Im Irak sind radikal-islamische Aufständische weiter auf dem Vormarsch. In der Nacht eroberten sie nach Angaben aus Sicherheitskreisen zwei weitere Ortschaften sowie mehrere Dörfer in der östlichen Provinz Dijala. Die irakischen Sicherheitskräfte seien zuvor aus den Orten Saadija und Dschalula im Nordosten von Bagdad abgezogen.
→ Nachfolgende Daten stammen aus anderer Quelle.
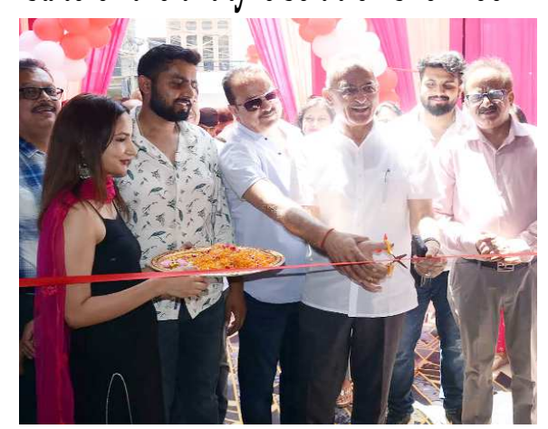
KASHMIR TALK BUREAU JAMMU:

MS Ridefusion, a state-of-the-art tyre solution showroom, was today inaugurated by Sh. Kavinder Gupta, Former Deputy Chief Minister of Jammu and Kashmir. The grand opening marked a significant step in providing high-quality and comprehensive tyre solutions to customers in the region.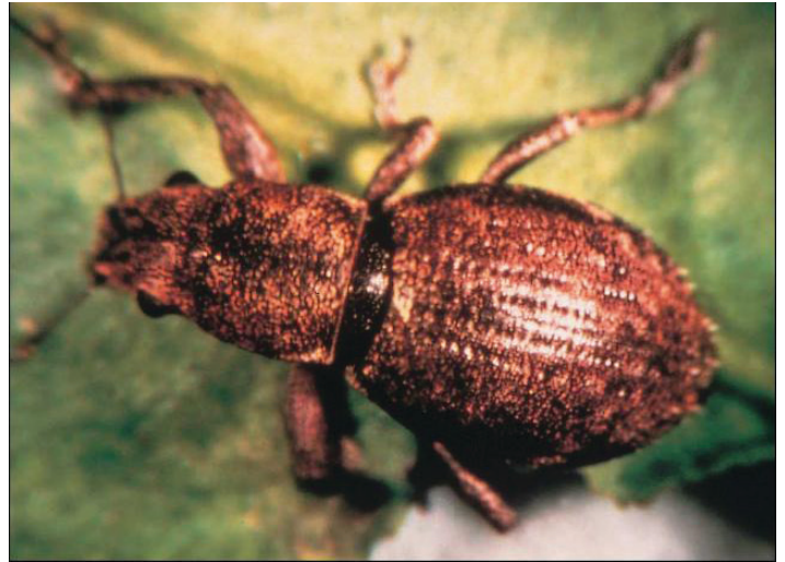
Figure 8. Fuller rose beetle.

Adults are brownish to grey in color, about 0.33 inch long and can be found throughout the year (Figure 8).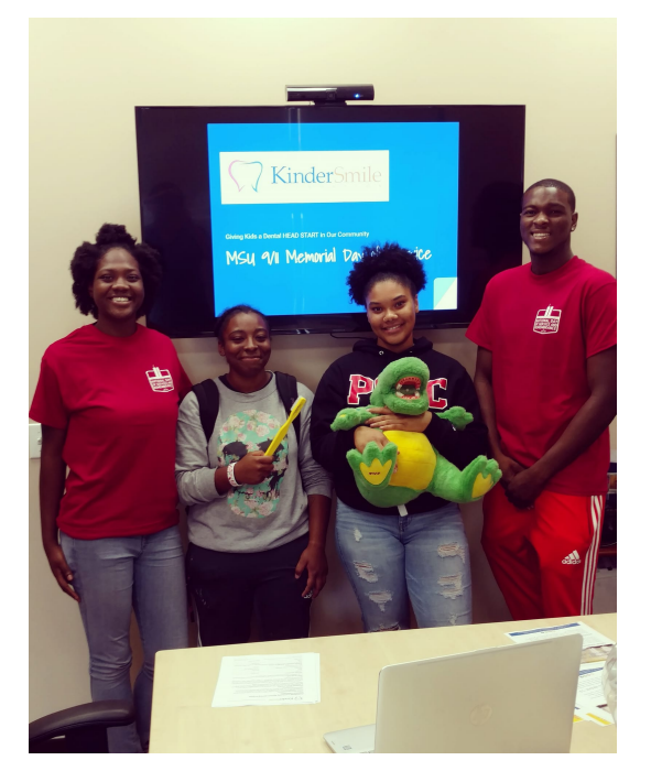
Montclair State University 9/11 Memorial Day of Service September 14, 2019 Bloomfield, NJ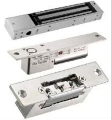
Door EM Lock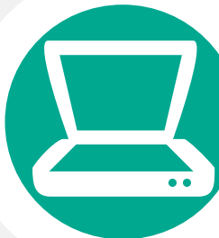
Epson Perfection V500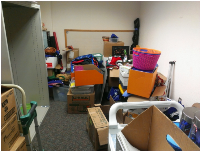
Storage Room BEFORE: A jumbled mess of both useful and useless items.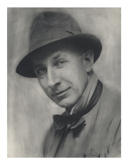
George Bellows, c. 1900

Als die Aufständischen eintrafen, seien sie lediglich auf kurdische Kämpfer gestossen. Zu Gefechten kam es dabei nicht. Allerdings habe die irakische Armee von einem nahe gelegenen Ort aus das Feuer auf Saadija und Dschalula eröffnet. Dutzende Familien seien daraufhin geflohen. Nach Angaben von Ärzte ohne Grenzen sind inzwischen insgesamt rund eine Million Iraker auf der Flucht vor den Extremisten.
Aufruf zum Widerstand
Kämpfer der Gruppe Islamischer Staat im Irak und Syrien (Isis) hatten Anfang der Woche die nordirakische Millionenmetropole Mossul überrannt. Seitdem rücken die sunnitischen Kämpfer Richtung Bagdad vor, um die von Schiiten geführte Regierung zu stürzen.
Am Freitagsgebet hat Ayatollah Ali al-Sistanis in der schiitischen Hochburg Kerbala zum Widerstand gegen die sunnitische Isis aufgerufen. Das Oberhaupt der irakischen Schiiten will, dass die Bürger zu den Waffen greifen, um «ihr Land, ihr Volk und ihre heiligen Stätten zu verteidigen.»
Kurden planen Gegenoffensive
Kurdische Sicherheitskräfte wollen den Vormarsch der Dschihadisten stoppen. Sie bereiten eine Gegenoffensive in der Region um Dschalula vor. Erste Peschmerga-Soldaten seien bereits im Ostirak angekommen. Nach dem Abzug der irakischen Truppen aus der Stadt wollen die kurdischen Kämpfer das entstandene Machtvakuum füllen.
Im Nordirak kontrollieren die Kurden eine eigene autonome Region. Sie haben sich die Situation zunutze gemacht und ihr Territorium ausgedehnt. So kontrollieren sie mittlerweile unter anderem die Ölstadt Kirkuk, die ausserhalb des Gebiets ihrer Enklave liegt.
Iran und China versprechen Hilfe
Mittlerweile haben sich auch andere Staaten in den Konflikt eingeschaltet. Aus Peking heisst es, man biete der irakischen Regierung jede erdenkliche Hilfe an. Auch der Nachbar Iran bezieht Stellung. «Der Iran will, dass der Irak als Ganzes erhalten bleibt – mit dem Schiiten al-Maliki an der Regierung», sagt ARD-Korrespondent Reinhard Baumgarten gegenüber SRF.
Irans Präsident Rohani versprach dem Nachbarland bereits uneingeschränkte Solidarität im Kampf gegen die Isis. Der Iran wolle die diplomatischen Möglichkeiten ausschöpfen und alles Mögliche gegen die Terrorgruppe unternehmen, so Rohani. Meldungen, wonach bereits iranische Truppen im Irak eingetroffen sein sollen, wurden bislang aber nicht bestätigt.
Der Iran sucht Verbündete gegen Isis
Wie die Nachrichtenagentur Fars berichtet, versucht der Iran auch auf internationaler Ebene gegen die Isis vorzugehen. Aussenminister Mohammed Dschawad Sarif habe bereits mit seinen Kollegen aus der Türkei, Katar und den Vereinigen Arabischen Emiraten sowie mit der UNO und der Organisation für Islamische Zusammenarbeit Kontakt aufgenommen. Er fordere gemeinsame Massnahmen gegen die Terroristen.
Laut ARD-Korrespondent Baumgarten ist es sogar denkbar, dass Teheran bereit ist, über die verworrene Lage im Irak mit Washington zu reden. «Es könnte durchaus zu einer Zusammenarbeit kommen, um diese Isis zu stoppen», so der Mann in Teheran.
Rohölmarkt reagiert heftig
Die unkontrollierbare Lage im Irak wirkt sich auch auf den Ölmarkt aus. Die Preise für ein Barrel sind angestiegen. Heute Morgen waren die Preise je nach Sorte um bis zu 50 Cent höher als noch am Donnerstagabend. Das Land zählt neben Saudi-Arabien zu den Staaten mit den grössten Ölvorräten der Welt.